An example of this is the class java.lang.String. It has a private int hash; field, which is not final, and is used as a cache for the hashCode():
private int hash;
public int hashCode() {
int h = hash;
int len = count;
if (h == 0 && len > 0) {
int off = offset;
char val[] = value;
for (int i = 0; i < len; i++)
h = 31*h + val[off++];
hash = h;
}
return h;
}
As you can see, the hashCode() method first reads the (non-final) field hash. If it is uninitialized (ie, if it is 0), it will recalculate its value, and set it. For the thread that has calculated the hash code and written to the field, it will keep that value forever.
However, other threads might still see 0 for the field, even after a thread has set it to something else. In this case, these other threads will recalculate the hash, and obtain exactly the same value, then set it.
Here, what justifies the immutability and thread-safety of the class is that every thread will obtain exactly the same value for hashCode(), even if it is cached in a non-final field, because it will get recalculated and the exact same value will be obtained.
All this reasoning is very subtle, and this is why it is recommended that all fields are marked final on immutable, thread-safe classes.
If the class is extended then the derived class may not be immutable.
If your class is immutable, then all fields will not be modified after creation. The final keyword will enforce this and make it obvious to future maintainers.

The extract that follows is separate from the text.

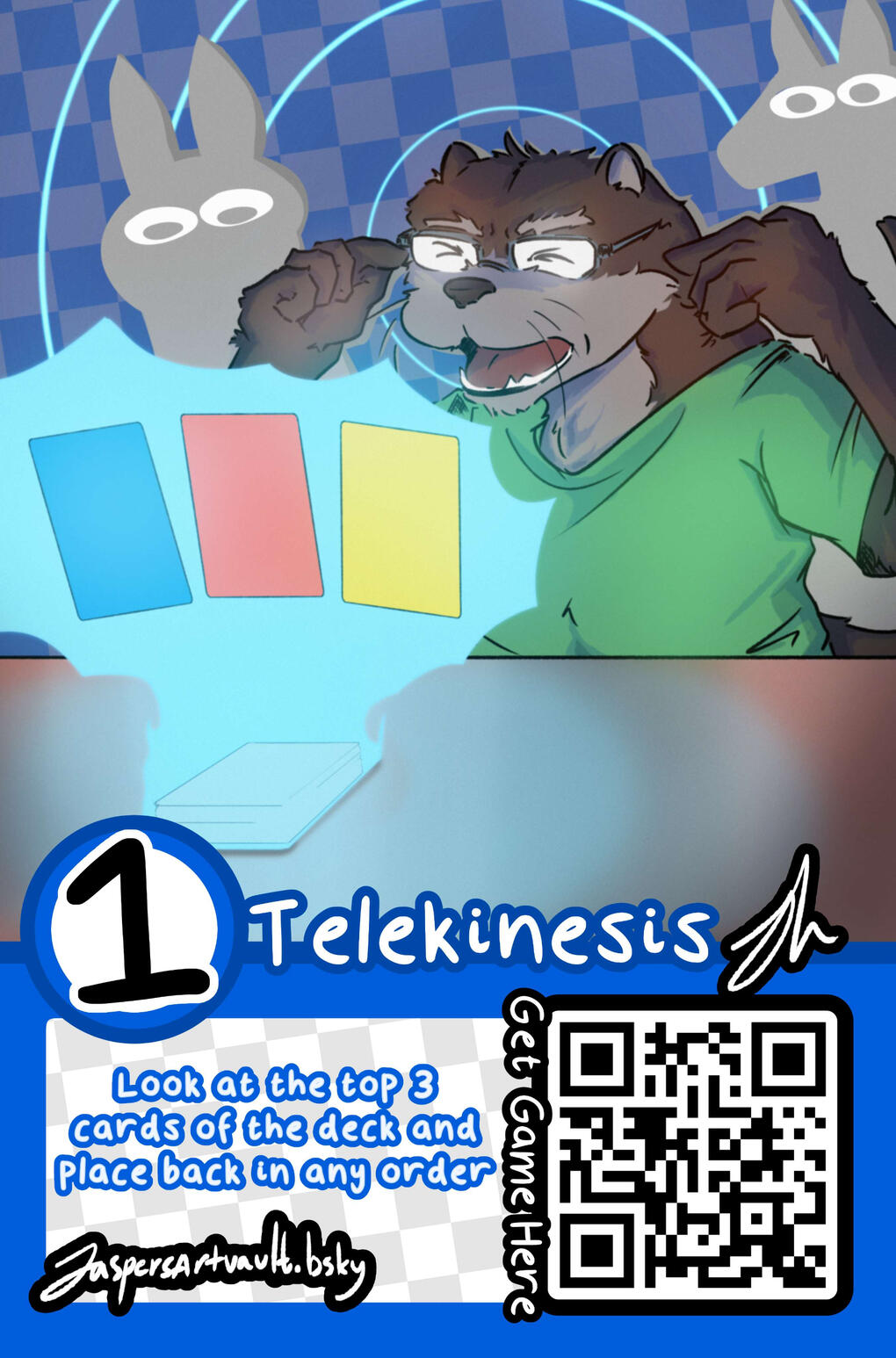 17 Amazing Artists came together to make amazing art for this game! Get a copy of their card at their respective tables at cons!

Adding this answer to point to the exact section of the JVM spec that mentions why member variables need to be final in order to be thread-safe in an immutable class. Here's the example used in the spec, which I think is very clear:
class FinalFieldExample {
final int x;
int y;
static FinalFieldExample f;
public FinalFieldExample() {
x = 3;
y = 4;
}
static void writer() {
f = new FinalFieldExample();
}
static void reader() {
if (f != null) {
int i = f.x; // guaranteed to see 3
int j = f.y; // could see 0
}
}
}
Again, from the spec:
The class FinalFieldExample has a final int field x and a non-final int field y. One thread might execute the method writer and another might execute the method reader.
Because the writer method writes f after the object's constructor finishes, the reader method will be guaranteed to see the properly initialized value for f.x: it will read the value 3. However, f.y is not final; the reader method is therefore not guaranteed to see the value 4 for it.